Leben in Fülle!

Leben in Fülle!

Liebe Gemeinde, liebe Gäste,

von einem auf den anderen Tag stehen wir plötzlich vor ganz neuen Herausforderungen. Das Leben, wie wir es kennen, hat sich enorm verändert. Ein einfach „weiter so“ gibt es nicht mehr. Die Herausforderungen sind vielfältig – da muss jeder und jede mit ganz unterschiedlichen Dingen umgehen, fertig werden, neue Wege finden und alte Gewohnheiten loslassen.
Für viele Familien sind Homeoffice und Homeschooling die große Herausforderung. Denn diese sind eben nur sehr bedingt miteinander vereinbar und sorgen bei vielen Familien (vor allem mit kleineren Kindern) nicht selten für Stress – vor allem, wenn man den Ehrgeiz hat, alle Leistungsvorgaben zu 100 % erbringen zu wollen.

Von einem auf den anderen Tag haben Viele von uns aber auch plötzlich viel mehr Zeit. Natürlich gilt das nicht für alle gleichermaßen. Manche Menschen müssen gerade in diese Wochen und Monaten besonders viel und unter schwierigen Bedingungen arbeiten. Für ihren Einsatz kann man nur dankbar sein und den Hut ziehen. Aber auch bei diesen Menschen entfällt viel von dem „Feierabend- oder Wochenendstress“, den wir uns oft zusätzlich zur Arbeit noch aufladen.

Erinnern Sie sich noch, wie Sie von einem zum anderen Termin gehetzt sind?
Von der Arbeit schnell nach Hause, umziehen und dann das eine Kind zum Training fahren, während das andere Kind schon darauf wartet aus dem Musikunterricht abgeholt zu werden? Dabei möglichst noch einkaufen und noch mal schnell auf die Bank oder ein paar Blumen holen für die Freundin, die am nächsten Tag Geburtstag hat.
Oder wie Sie sich am Wochenende zwischen mehreren „Freizeit“- Terminen entscheiden mussten und versucht haben, allen Anforderungen gerecht zu werden. Für den Fußballverein Kuchen backen oder beim Aufbau des Sommerfestes anzupacken, der ehrenamtlichen Tätigkeit nachzukommen, in der Kirchengemeinde mitzuhelfen, das Schulfest der Kinder zu besuchen, beim Konzert eines Freundes dabei zu sein und natürlich auch noch die Grillparty der besten Freundin zu besuchen, weil sie sonst enttäuscht oder gar beleidigt wäre – ach ja, der Salat hierfür musste natürlich zwischendrin auch noch vorbereitet werden.

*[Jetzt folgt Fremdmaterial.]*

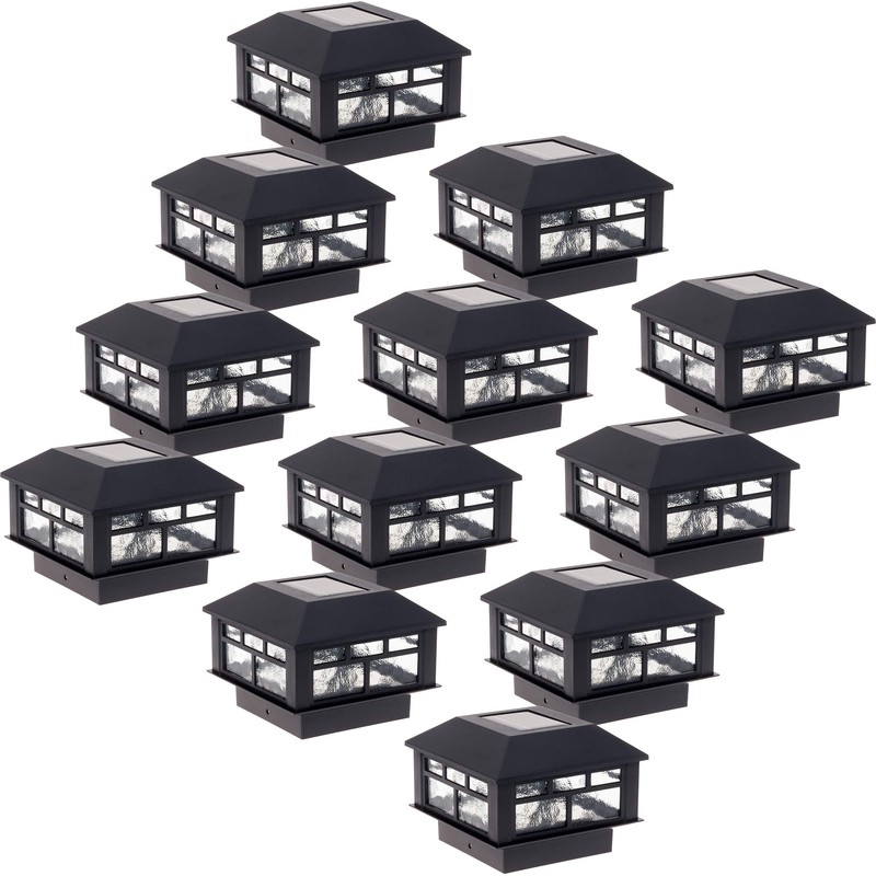 GreenLighting 12 Pack Modern Design Solar Powered 10 Lumen Post Cap Light for 4x4 or 5x5 Posts (Black)

Bis vor wenigen Wochen war die Erfahrung von Stress und Termindruck für Viele von uns Alltag und nicht wenige Menschen hatten ständig das Gefühl, dass Alles einfach zu viel ist. Die Zahlen der an Burnout Erkrankten zeigen schon seit Jahren, dass wir in einer überforderten und sich überfordernden Gesellschaft leben.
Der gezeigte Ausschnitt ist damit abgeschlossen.